This year’s peer-to-peer training emphasized community policing, the textbook definition of which Friedmann developed while a Georgia State professor.
“Community policing is a policy and a strategy aimed at achieving more effective and efficient crime control, reduced fear of crime, improved quality of life, improved police services and police legitimacy, through a proactive reliance on community resources that seeks to change crime-causing conditions. It assumes a need for greater accountability of police, greater public share in decision-making and greater concern for civil rights and liberties,” said Friedmann.

Rome Police Chief Denise Downer-McKinney was among those who participated in GILEE’s 19th delegation to Israel and recently shared her experience, “The phenomenal GILEE program makes us think outside the box, understand the importance of building and maintaining strong relationships and partnerships.

“It is critical that we continue to work diligently to forge and build public and private partnerships in our local communities and throughout Georgia.

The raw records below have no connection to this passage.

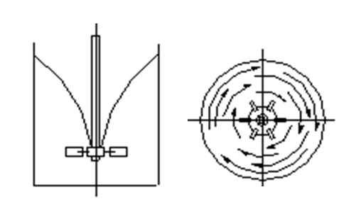 流體流動方向平行于攪拌軸,流體由槳葉推動,使流體向下流動,遇到容器底面再向上翻,形成上下循環流。
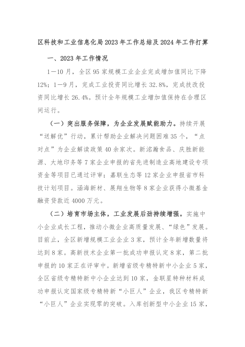 / 区科技和工业信息化局2023年工作总结及2024年工作打算
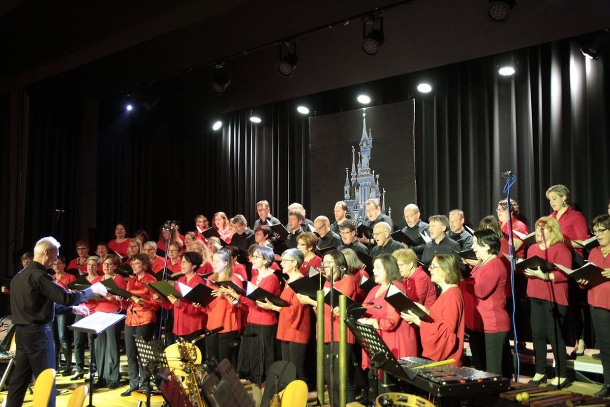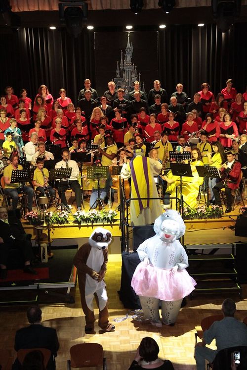 Rolleng/Lamadelaine: D'Harmonie Municipale Rodange & Lamadelaine hat zesummen mat der Jugendmusek "RoLazubi's" op hiere Galaconcert "The Magic of Disney" an de Centre de Loisirs invitéiert. Ennert der Direktioun vum Patrick Stracks sin Stécker wéi Disney Festival, Go the Distance, Evermore an The Lion King de Gäscht an deem gudd gefëllte Sall präsentéiert gin. Duerno war et dann un de RoLazubi's déi eng éischte kéier bei engem grousse Galaconcert dobai konnte sin, dëst ënnert der Leedung vum Fernand Gallo. No enger Paus gung et virun mat dem Invité vum Owend, dem Ensemble vocal Vivace. Dës net grad 60 Sängerinnen a Sänger hun ënnert der Direktioun vum Ulric Evrard, ënnert aanerem, Hakuna Matata, Can you feel the love Tonight an The Beauty and the Beast interprétéiert. Eppes ganz besonnesches haten sech d'Musikanten vun der Harmonie afaale gelooss, si hun sech mat hieren schéinen Kostümer mat den verschidden Disneyfiguren identifizéiert. Op der Bühn soutzen Tinker Bell, Bambi, Peter Pan, Herkules, Schneewitchen, Dornröschen, Belle, fir nëmmen e puer ze ernimmen. Weider Highlights waren de Solo vum Nathalie Eichenseher als Elsa mat "Let it Go", an d'Finale wou d'Harmonie, zesummen mat den RoLazubi's a Vivace " The Lion sleeps Tonight" präsentéiert hun. Duerch den Owend hun de Marcel Ries, d'Renée Gallo an d'Monika Evrard gefouert. Fir di wonnerschéin Dekoratioun huet d'Romaine Stracks gesuergt. D'Präsidentin Marie-Jeanne Goeckel-Schuler war houfreg iwer dee gudd gelongenen Owend an huet de ville Gäscht Merci fir hiert Kommen gesot. En décke Merci goung un all déi , déi um Geléngen vum Galaconcert bedeelegt waren.(Fotoen:Jean-Marc Görtz/www.hmrl-hjrl.org)

We must continue to develop and strengthen these relationships, along with our local business and community partners, to ensure our children and communities are safe, and that we have the tools to make this happen.”

Friedmann said, “In GILEE’s 26 years, our partnership with the world’s top public safety experts has returned more than 720 public safety officials home with the knowledge and skills they need to keep our communities safer.

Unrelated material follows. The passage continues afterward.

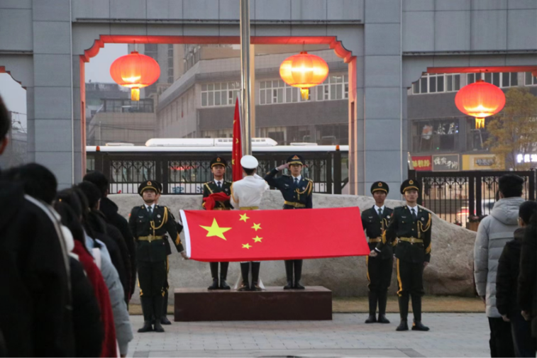 上午7点,迎着初春的朝阳,国旗班队员迈着铿锵有力的步伐,护送鲜艳的五星红旗进场。随着雄壮的《义勇军进行曲》,五星红旗冉冉升起,迎风飘扬。全体师生齐唱国歌,向国旗行注目礼。

“Among the program’s many benefits, our delegates return home with a better understanding of effective ways to address modern policing challenges and increased communications and collaboration among different agencies, external organizations and the greater community.”

Founded in 1992, GILEE is a Georgia homeland security program. The organization works continuously to improve public safety by enhancing inter-agency cooperation, partnerships and professional educational training among the world’s top law enforcement communities, most recently in Israel and Hungary.
To date, it has offered more than 200 special briefings to more than 32,000 law enforcement officers, corporate security personnel and community leaders. GILEE has carried out more than 450 programs and produced more than 1,500 graduates.